Дело бывшего российского шпиона Сергея Скрипаля, приговоренного в 2006 году в России за измену родине и ставшего предметом обмена между правительствами ее величества королевы Елизаветы и России, представляется весьма показательным. Однако и дело Скрипаля, и дело Литвиненко в прошлом, на мой взгляд, остаются крайней формой выражения международного напряжения, начинающегося от страданий Европы в связи с украинским и крымским вопросом и заканчивающегося сирийским конфликтом, где Россия открыто противостоит США и Евросоюзу. Были и другие дела шпионов, укрывшихся в Великобритании, например, Олега Калугина, самого известного дезертира из КГБ, известного также и американцам, и Олега Гордиевского — оба спокойно пережили свой статус бывших шпионов. В таком случае, если не брать в расчет результатов, полученных британскими властями, и выводов, к которым они придут, необходимо признать провал английских спецслужб и утраченную способность к диалогу между ЕС и Россией, что произошло, правда, не сегодня, а уже давно.

Позиция президента США Трампа и осуществляемая им политика протекционизма восстанавливает англо-американскую ось еще больше, чем разрыв диалога с Москвой, и ускоряет процессы демонизации российской политики при Путине. Одним словом, отношения между Евросоюзом и Россией могут развиваться лишь через посредничество, на данный момент находящееся в неясном состоянии, Германии. Конкретнее — канцлера Ангелы Меркель (Angela Merkel), единственной, кто способен усадить за стол переговоров хозяина Кремля, несмотря на то, что ужесточение войны в Сирии может привести к эскалации, способной иметь поистине катастрофические последствия.
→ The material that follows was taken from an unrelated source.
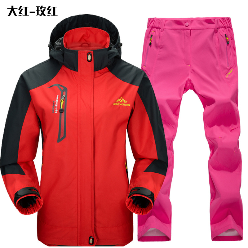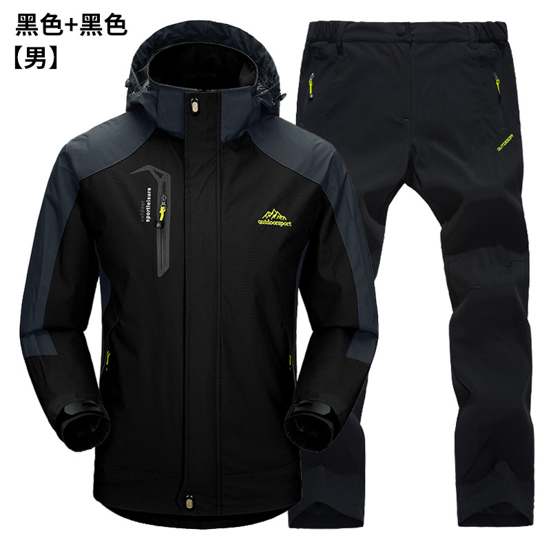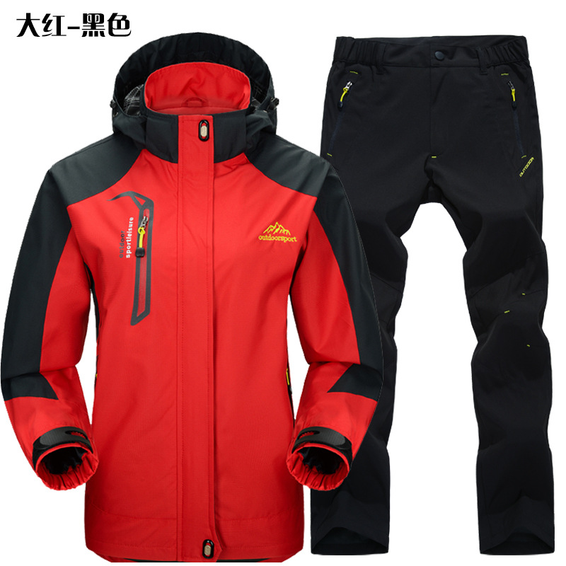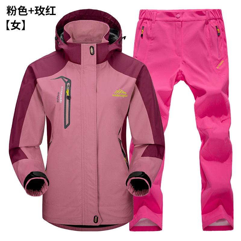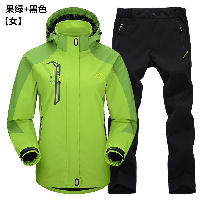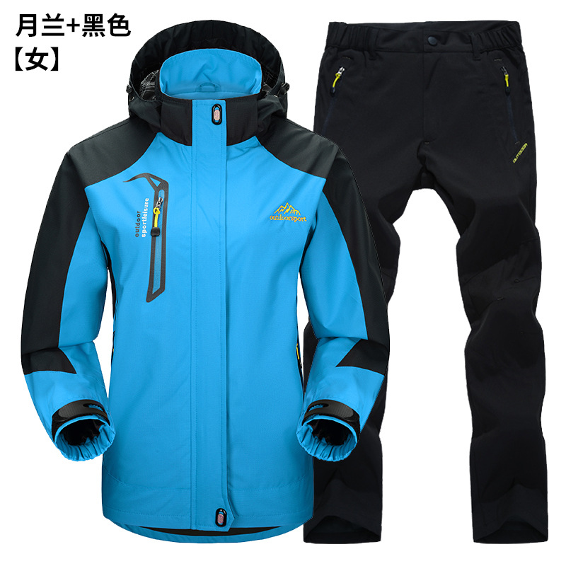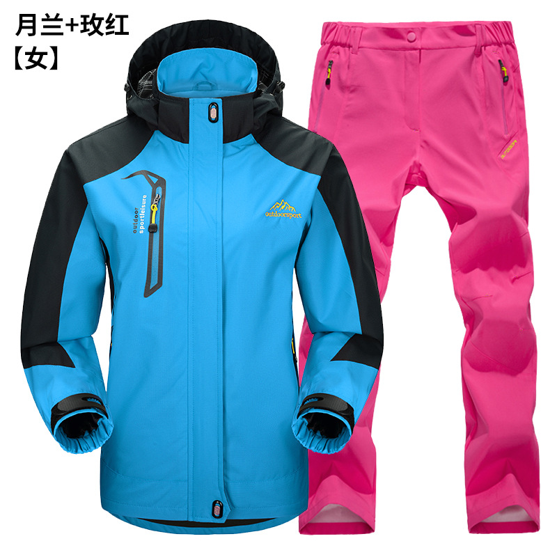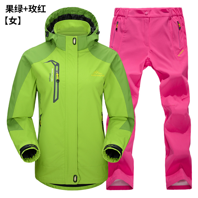 공장 직접 도매 야외 단일 레이어 충전 바지 남성과 여성 커플 세트 방풍 방수 봄과 가을 등산 세트

— Какие смыслы обретет Европа, утратившая Великобританию и расширяющаяся на Восток? Какие произойдут перемены по сравнению с нынешней ситуацией?

— Когда после падения Берлинской стены двери Западной Европы распахнулись для тех стран, которые более 50 лет просуществовали в тени советского коммунизма, Россия не смогла остановить кровотечение и наблюдала этот процесс со стороны, осознавая его необратимость. С 1991 года по 1999 год, в период правления Бориса Ельцина, Европа запустила процессы расширения на Восток, сознавая, что она в любом случае идет вразрез с геополитическими интересами страны, страдающей от экономического кризиса, высочайшего уровня инфляции и утраченного «достоинства» сверхдержавы. Холодная война, казалось, окончательно проиграна, и образ страны, катящейся под откос, нашел выражение в кадрах, где президент России появился на международных встречах в состоянии постыдного опьянения. Далее последовала реакция в виде вспышки сильного национализма, которым смог воспользоваться преемник Ельцина, бывший сотрудник КГБ, Владимир Путин — тот же, кто и сегодня, спустя целых 17 лет со времен своего первого мандата, находится у руля государства.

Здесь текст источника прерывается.